Answer: There is no specific requirement for scheduled retraining. However, where

technologies or techniques of steel erection have changed, resulting in new hazards, the

employee would have to be trained regarding the new technologies, techniques, and associated

hazards. Training in the recognition and avoidance of any new hazards, including unique, site-

specific hazards, would be required under 1926.21(b)(2). Page 5251 of the preamble to the final

steel erection standard states:

“While retraining/refresher training is not specifically addressed, the employer is

responsible for making sure that it has programs necessary to comply with the training

requirements in 1926.21(b)(2): ‘The employer shall instruct each employee in the

recognition of unsafe conditions and the regulations applicable to his work environment

to control or eliminate any hazards or other exposure to illness or injury.’ Steel erection

involves progressive sequences of erection, so that the work environment on any one-day

may involve entirely different or unique new hazards than the day before and that new

employees may enter into the erection process when it is already underway. In order to

apply 1926.21 during steel erection activities, an employer would have to assess the type

of training needed on a continuing basis as the environment and changes in personnel

occur. It is the employer’s responsibility to determine if an employee needs retraining in

order to strengthen skills required to safely perform the assigned job duties and

whenever the work environment changes to include newly recognized or encountered

hazards. This is a key element in the employer’s accident prevention program.”

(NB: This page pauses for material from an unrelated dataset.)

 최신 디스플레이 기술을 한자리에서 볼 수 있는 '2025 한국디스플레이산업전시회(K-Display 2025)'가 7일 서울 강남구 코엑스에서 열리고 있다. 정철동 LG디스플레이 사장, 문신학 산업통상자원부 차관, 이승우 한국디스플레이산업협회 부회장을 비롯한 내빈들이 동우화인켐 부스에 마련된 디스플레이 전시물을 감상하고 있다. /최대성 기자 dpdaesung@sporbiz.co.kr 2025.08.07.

[Volume 66 Federal Register at page 5152]

Question 47: Is receiving training through union apprenticeship programs the only way to

meet the requirements of this standard?

Answer: No. Appendix E of the final rule states that “the training requirements of 1926.761 will

be deemed to have been met if employees have completed a training course on steel erection . . .

that has been approved by the U.S. Department of Labor, Bureau of Apprenticeship.” Union

apprenticeship programs are mentioned in the preamble as an example of an option an employer

might choose for training its employees. However, union apprenticeship programs are not the

only way to provide employee training.

Page 35 PD-251

An employer may elect to identify a qualified person (in or out of the employer’s organization)

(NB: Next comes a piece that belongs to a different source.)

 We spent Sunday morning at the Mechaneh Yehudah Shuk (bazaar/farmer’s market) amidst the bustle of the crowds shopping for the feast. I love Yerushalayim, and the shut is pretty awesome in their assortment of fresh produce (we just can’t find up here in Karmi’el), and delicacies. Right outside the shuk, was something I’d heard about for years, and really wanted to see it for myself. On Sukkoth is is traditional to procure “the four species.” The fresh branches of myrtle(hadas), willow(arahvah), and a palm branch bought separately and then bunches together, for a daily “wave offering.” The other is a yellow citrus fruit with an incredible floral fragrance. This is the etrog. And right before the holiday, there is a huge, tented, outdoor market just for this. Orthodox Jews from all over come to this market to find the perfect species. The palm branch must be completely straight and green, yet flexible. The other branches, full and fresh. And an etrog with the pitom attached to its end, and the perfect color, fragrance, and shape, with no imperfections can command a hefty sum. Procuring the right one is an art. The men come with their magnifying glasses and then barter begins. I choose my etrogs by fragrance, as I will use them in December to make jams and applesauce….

or a third-party organization whose training program meets the requirements of 1926.761 to train

those employees. The steel erection standard defines a qualified person in 1926.751 (definitions)

as:

“one who, by possession of a recognized degree, certificate, or professional standing, or

who by extensive knowledge, training, and experience, has successfully demonstrated the

ability to solve or resolve problems relating to the subject matter, the work, or the

project.”

As discussed in the answer to Question 36, the employer is responsible for assessing the third-

party organization’s or qualified person’s qualifications and experience as they relate to the

training program requirements and subject areas described in section 1926.761. The proficiency

of the employees in their work activities as determined by the employer is important evidence of

an effective training program. [See page 5152 of January 18, 2001 FR]

Question 48: Does any required training under 1926.761 have to be documented? Does the

employer have to keep a record of employee training?

Answer: Yes. Under 437-003-0761(1)(a) the employer must prepare a written certification

record, verifying that the training required by this section has been conducted. Paragraph (1)(b)

requires the employer to maintain the latest training certificate.